A Darkest Dungeon for the rest of us.  Darkest Dungeon was punishing.  Iratus suggests you don’t need further punishing.  In fact, Iratus says seductively, maybe it’s time to let you do the punishing.


4) Shadow Empire

A fascinating combination of serious wargame, serious resource management, superserious logistics, seriously intricate personnel management, and unserious science fiction.  So much detail, so many numbers, so many things to figure out, so many pages in the manual, so many ways for things to go wrong because I don’t understand them yet.

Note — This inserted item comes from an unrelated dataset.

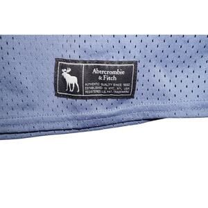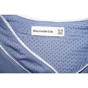 Abercrombie Kids short sleeve mesh baseball jersey shirt in a soft periwinkle blue color. Features a full button-up front, contrast white piping, and “Abercrombie New York” printed at the chest. Lightweight and breathable athletic mesh fabric. Perfect for layering or wearing on its own. Youth size 11/12.

I can’t tell whether I actually like this game, or whether I’m just fascinated by it.

Read the review here.


3) Desperados III

Cowboys playing stealth puzzles wouldn’t normally be my thing.  But then Desperados III patiently explained that I’m supposed to save and reload regularly.  It even reminds me while I’m playing. It wants me to play this way so I can experiment with different solutions to different situations.  So it’s like a Hitman game, but with a rewind option!  And this posse of cowboys has some pretty cool characters with cool powers.  So this is why people liked those Commandos games so much.


2) Zombie Army 4

Gloriously gory, grim, and goofy, all at once.  Here are hundreds upon hundreds of Nazi zombies, and so many different ways to mutilate them.  Rebellion’s shooters keep getting better and better, and this is a considerable step up from Strange Brigade.  

Read the review here.


1) Snowrunner

The culmination of the Spintires concept — trucks struggling through mud — presents you with a set of logistics quests spread across several maps.  And this time with snow.  To paraphrase Samual L. Jackson’s famous last words in Deep Blue Sea, “You think mud is bad?  You should see ice.”  Snowrunner is easily one of my favorite caRPGs.


(You might read this list and think it’s short on information.  Fair point.  It is just a list, for the most part.  But it’s also a schedule.  Expect to see reviews of these games in the coming weeks.  With the exception of Doom Eternal, which already got its review.)